Dominik Zechner’s research and teaching are informed by modern and contemporary literature, literary theory, philosophy, media studies, and psychoanalysis.

His current book project, under contract with Palgrave Macmillan, is titled The Violence of Reading. Exploring the various ways in which the act of reading produces a body under duress, it reevaluates the relationship between textuality and violence, and more generally, language and pain. Drawing on structuralism, deconstruction, psychoanalysis, and affect theory, the project investigates forms of “linguistic pain” (Scarry; Butler; Hamacher) and the limits of their literary representability. Analyzing the constitution and de-constitution of the reader’s body (Barthes), it actualizes the discourse around the “allegory of reading” (de Man) as one in which the act of reading appears as a negotiation and mediation of a kind of textual suffering. The project brings together diverse texts from various traditions and offers close examinations of the rhetoric of masochism (Sacher-Masoch; Deleuze), the relation between reading and abuse (Jelinek), the sublime as a linguistic phenomenon (Kant; de Man), the “novel of the institution” (Musil; Campe), and literary suicide (Bachmann; Berryman; Okkervil River).

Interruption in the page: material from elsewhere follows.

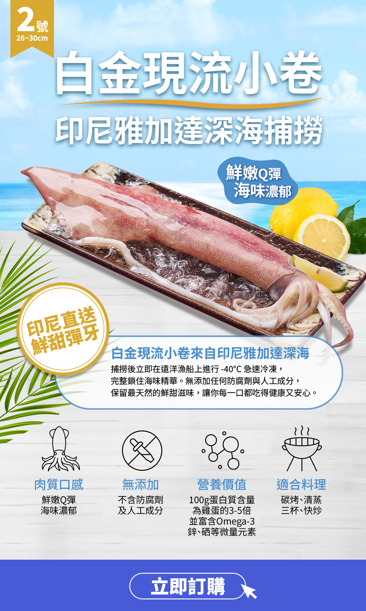 白金現流小卷 2號(26~30cm)|印尼直送・鮮甜彈牙
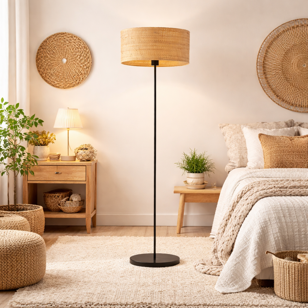 Rattanowa lampa podłogowa do sypialni WERONA BOHO to stylowe oświetlenie do salonu i sypialni, które doskonale wpisuje się w modny styl boho, japandi oraz wnętrza inspirowane naturą. Wykonana z naturalnego rattanu, zachwyca lekkością formy i subtelnym designem, który wprowadza do wnętrza ciepłą, przytulną atmosferę. Abażur o średnicy 40 cm i wysokości 20 cm delikatnie rozprasza światło, tworząc nastrojowe oświetlenie idealne do relaksu, czytania lub wieczornego odpoczynku. Dzięki swojej uniwersalnej stylistyce lampa podłogowa boho świetnie sprawdzi się zarówno w salonie, sypialni jak i w przestrzeni wypoczynkowej czy kąciku czytelniczym. Lampa stojąca z rattanu WERONA BOHO to nie tylko funkcjonalne oświetlenie podłogowe ale również wyjątkowy element dekoracyjny, który podkreśla charakter wnętrza i nadaje mu naturalnej elegancji. Idealny wybór dla osób poszukujących modnych lamp z rattanu, które łączą estetykę, jakość wykonania i ponadczasowy styl.

Prof. Zechner is also the co-editor of two collected volumes. Forces of Education: Walter Benjamin and the Politics of Pedagogy (Bloomsbury 2023) comprehensively investigates Benjamin’s early writings on school reform and educational critique. A second collection, Thresholds, Encounters: Paul Celan and the Claim of Philology (SUNY 2023), is dedicated to the relationship between Celan’s poetry and the Western philosophical tradition. In addition, Zechner is the editor of a special issue of Modern Language Notes (“What is a Prize?” vol. 131.5, 2016), which analyzes the rhetoric of literary prizes and their surrounding economy of prestige, and the co-editor of a special issue of parallax (“Initiations: The Pitfalls of Beginning,” vol. 28.3, 2022), dedicated to the problem of textual openings and first lines.

Zechner’s wider research and teaching interests include 19th to 21st century philosophy; German-speaking and comparative literature; literary theory and criticism; philosophy of language; philology, rhetoric, hermeneutics, and deconstruction; theories of pedagogy and pedagogical narratives; pop culture, pop music, pop literature; and contemporary literature.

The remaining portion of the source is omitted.